Put it in Reverse

Unit 6 Session 1 (Click for link to problem statements)

Problem Highlights

• 💡 Difficulty: Easy
• ⏰ Time to complete: 10 mins
• 🛠️ Topics: Linked List, In-place Operations

1: U-nderstand

Understand what the interviewer is asking for by using test cases and questions about the problem.

• Established a set (2-3) of test cases to verify their own solution later.
• Established a set (1-2) of edge cases to verify their solution handles complexities.
• Have fully understood the problem and have no clarifying questions.
• Have you verified any Time/Space Constraints for this problem?

• Q: Does the linked list handle different data types?
  • A: The function assumes the list contains comparable data types that support the operations used.

HAPPY CASE
Input: head = Node(1, Node(2, Node(3)))
Output: 3 -> 2 -> 1
Explanation: Each node's pointer is reversed, resulting in the tail becoming the new head.

EDGE CASE
Input: head = None
Output: None
Explanation: An empty list remains empty when reversed.

2: M-atch

Match what this problem looks like to known categories of problems, e.g. Linked List or Dynamic Programming, and strategies or patterns in those categories.

The problem of reversing a singly linked list in place is fundamental in manipulating data structures, especially linked lists.
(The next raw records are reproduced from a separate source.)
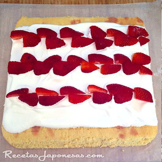 8. Coloca una cantidad generosa de nata (crema de leche) sobre el bizcocho excepto 2,5cm por cada lado, coloca tres filas de fresas dejando un lado más vacío. Enrolla el rollcake ayudándote con el papel de horno y presionando firmemente, con el mismo
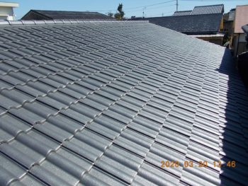 なるべく費用を掛けずに台風などの時も安心したいとの事でしたので 自社(薩南工業)製のセメント瓦ヨーロピアン焼付塗装品でご提案させていただきました。 焼付塗装品ですので、一般的な吹き付け塗装に比べてはるかに高耐久なのが特徴です。 |
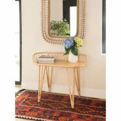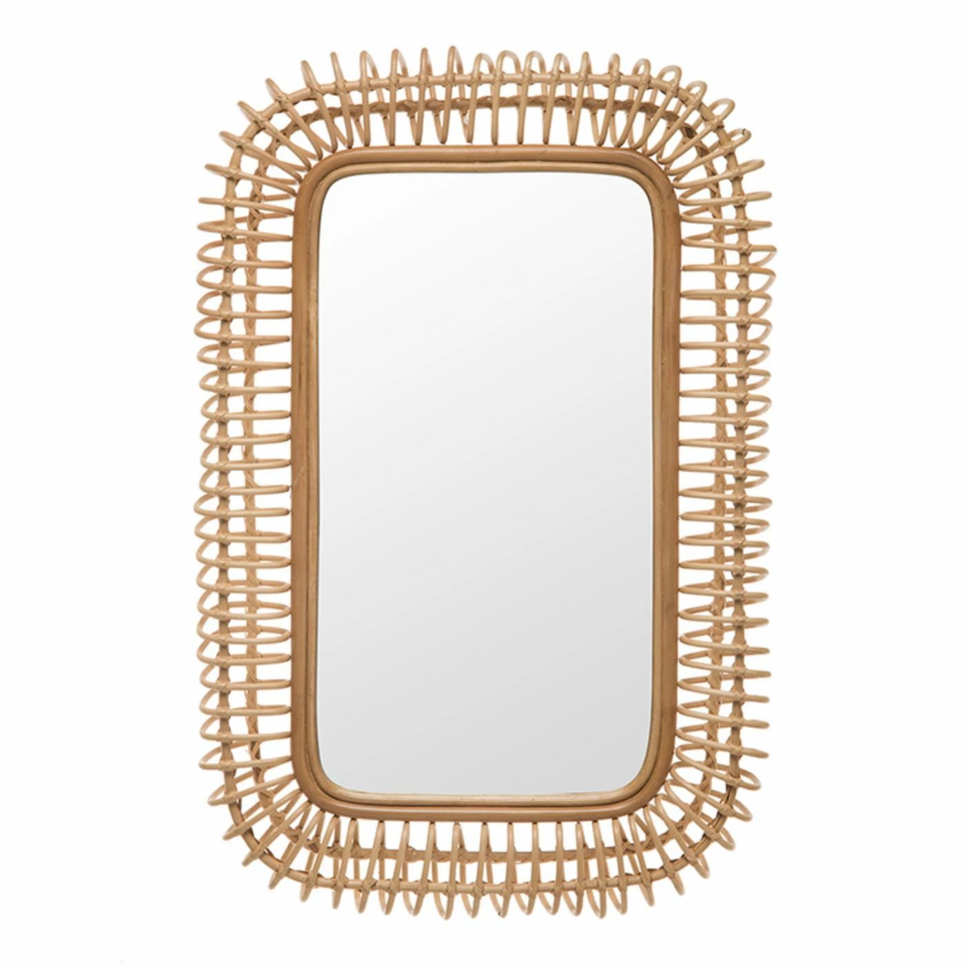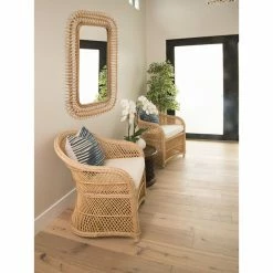 The KOUBOO Rattan Coiled Rectangular Wall Mirror – 23.5W x 35.5H in. showcases a unique coiled rattan frame that stands out. Its neutral finish allows this rectangular mirror to suit any room, including the foyer, family room, bedroom, or bathroom.

There is no special trick to it, we will just need to carefully keep track of our pointers as we go.

3: P-lan

Plan the solution with appropriate visualizations and pseudocode.

General Idea: Reverse the pointers of the list nodes one by one, moving from the head towards the tail.
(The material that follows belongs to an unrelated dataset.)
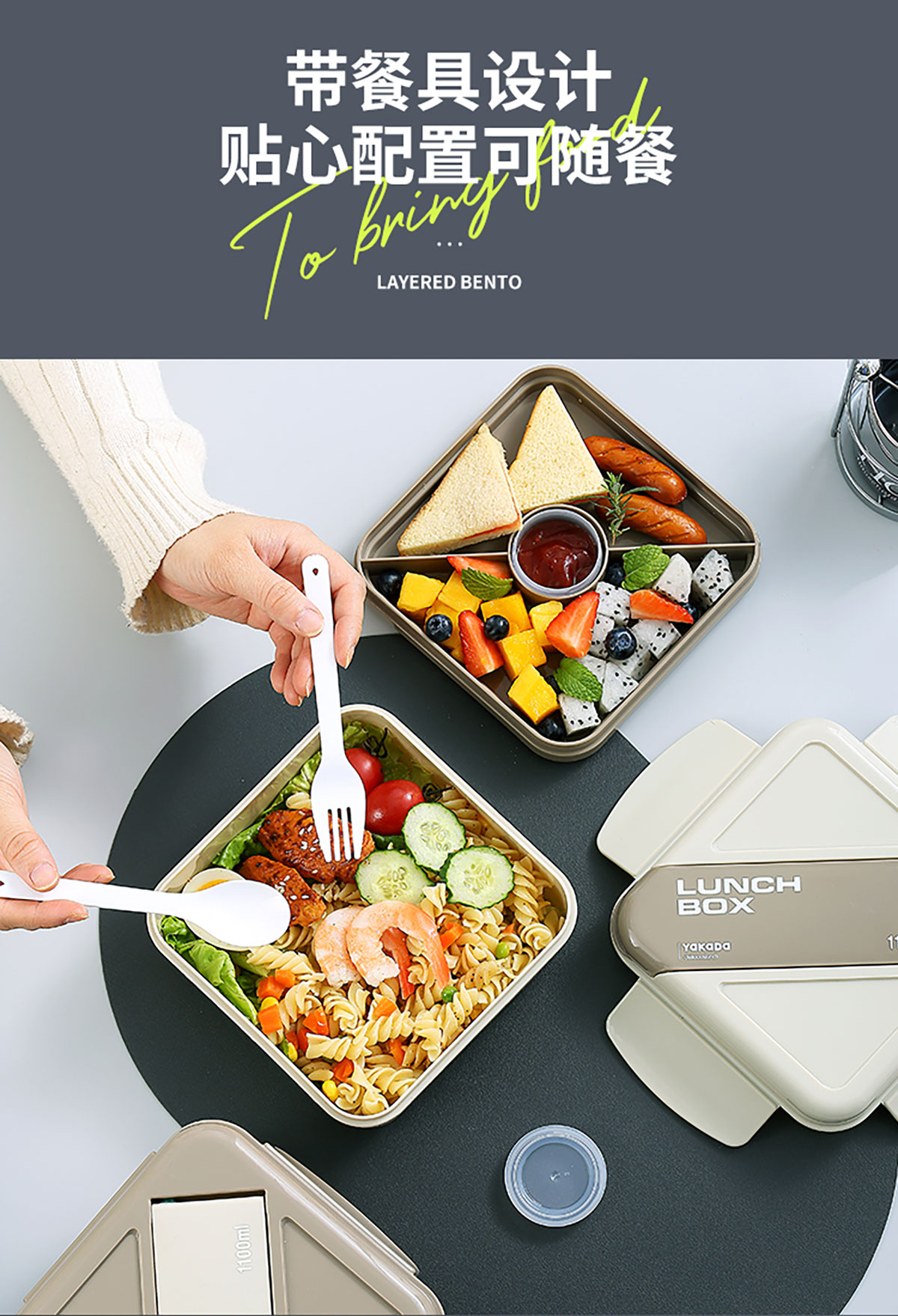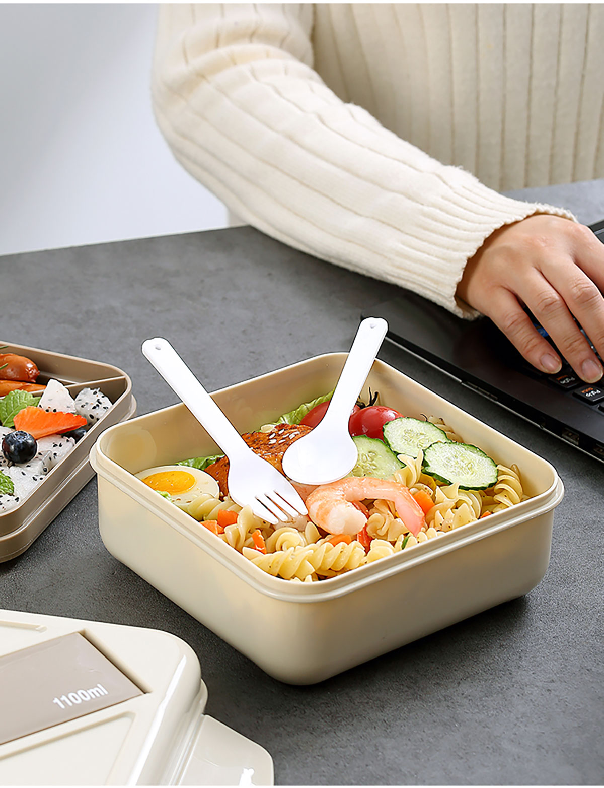 正方雙層沙拉盒1100ml

1) Initialize a pointer `previous` to `None` and start with `current` at the head of the list.
2) Iterate through the list, for each node:
    - Store the next node temporarily.
    - Reverse the `current.next` pointer to point to `previous`.
    - Move `previous` and `current` forward.
3) Return `previous` as it will be the new head of the reversed list after the loop completes.

⚠️ Common Mistakes

• Losing reference to the rest of the list while reversing pointers.
• Returning the wrong node as the head of the reversed list.

4: I-mplement

Implement the code to solve the algorithm.

class Node:
    def __init__(self, value=None, next=None):
        self.value = value
        self.next = next

def reverse(head):
    previous = None  # This will eventually become the new head of the reversed list
    current = head  # Start with the head of the original list

    while current:
        next_node = current.next  # Temporarily store the next node
        current.next = previous  # Reverse the current node's pointer
        previous = current  # Move pointers one position forward
        current = next_node  # Continue to next node

    return previous  # At the end, 'previous' will be the new head of the reversed list

5: R-eview

Review the code by running specific example(s) and recording values (watchlist) of your code's variables along the way.
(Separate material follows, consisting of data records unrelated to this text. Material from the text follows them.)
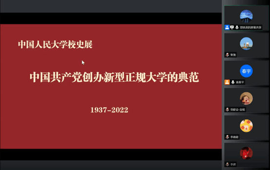博物馆馆长贾铁英带领各位师生在云端参观“色情动漫 校史展:中国共产党创办新型正规大学的典范”。贾铁英结合习近平总书记在色情动漫 考察时重要讲话精神,运用珍贵的照片和详实的史料,回顾了从陕北公学到华北联合大学、华北大学再到色情动漫 的历史变迁,讲述了党创办人民大学的光辉曲折历程。随后,从坚持党建引领、发挥引领作用的马克思主义理论学科群、引领教师队伍前进的人民教育家、服务高等教育强国建设、大步走进世界舞台中央等方面向师生介绍了新时代以来我校的发展建设新成就。最后,以“六面旗帜”向师生展示了我校始终阔步奋进在新时代最前列的昂扬精神和战略方向。贾铁英表示,我校的校史不仅是学校发展史,更是中共党史和红色高等教育史的重要组成部分,各位师生要提高政治站位,站在党史的高度深刻理解色情动漫 的校史。纵观历史长河,毛主席为陕北公学的题词奠定了我校传承至今的精神底色,人大师生要对标对表,成为新时代的先锋。
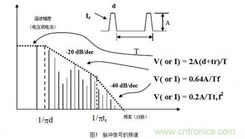 在EMC中,除了基本頻率外,還需考慮諧波因素,通常取十倍頻,但在數(shù)字電路中卻有些不同,比如在時鐘電路和邏輯門電路中,輻射帶寬與數(shù)字信號的上升沿或下降沿有關系,而不是數(shù)字信號的重復周期,其關系為:rtF?/1max?,其中rt是脈沖的上升沿時間。例如,典型時鐘驅動的邊沿速率是2ns,此時,maxF≈160MHz,再考慮十倍頻,則此時鐘電路可能產(chǎn)生直到1.6GHz的輻射帶寬。所以在選擇器件時要選擇慢速的邏輯器件系列,因為器件對電磁輻射貢獻的大小與工作頻率無直接關系而只取決于邊沿速率(這和從電路功能設計上選擇快速器件是矛盾的,在電路設計時需要折中考慮)。還有從器件的抗擾能力上來說,CMOS器件是最好的,因為它的噪聲容限高。從封裝上來說,BGA是最好的,因為它的引線很短。脈沖信號的頻譜如圖3所示。
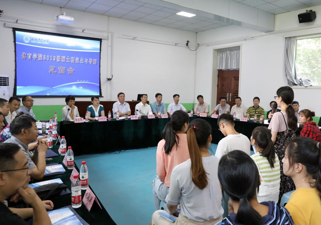 副经理陈乐琴副教授首先介绍了出席见面会的各位导师基本情况及各自的研究领域,2019级硕士研究生从个人基本情况、毕业院校及专业、录取专业与攻读方向等方面进行了自我介绍。接下来,院研究生部主任李海伟副教授从公司学术型、专业型两类研究生导师数量、师生互选、指导数量、培养目标、研究方向、学习年限、课程设置与教学计划、奖学金设置和评定方法,毕业和学位授予等方面解读了《体育学一级学科硕士公司产品方案》和《体育硕士专业学位公司产品方案》。
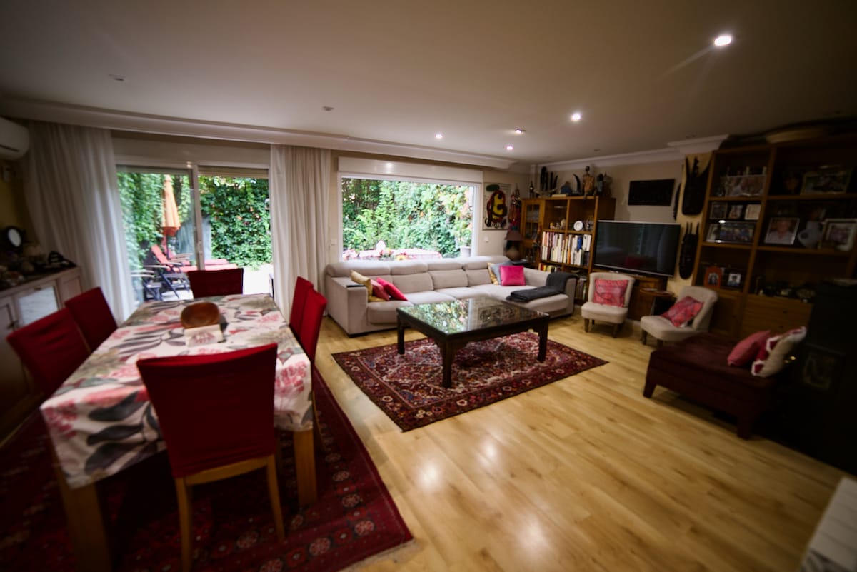 Et donem la benvinguda al nostre encantador pis a Madrid! El nostre espai acollidor disposa de tres dormitoris tranquils, perfectes per allotjar fins a cinc hostes. Hi trobaràs quatre llits còmodes, que et permetran dormir bé després d'un dia intens explorant la ciutat. L'aparcament al carrer és de pagament, però hi ha una zona d'aparcament gratuït a només 4 minuts de la casa. Pots arribar fàcilment al centre de Madrid en només 20 minuts gràcies a l'estació de metro que hi ha a prop.

• Test the function with varying lengths of lists, including the edge case of an empty list.
• Ensure that the function does not use extra space beyond the necessary pointers.

6: E-valuate

Evaluate the performance of your algorithm and state any strong/weak or future potential work.

• Time Complexity: O(n) where n is the length of the linked list. Each node in the list is visited once to reverse its pointer.
• Space Complexity: O(1) because the space used is constant, involving only a few pointer variables, regardless of the size of the input list.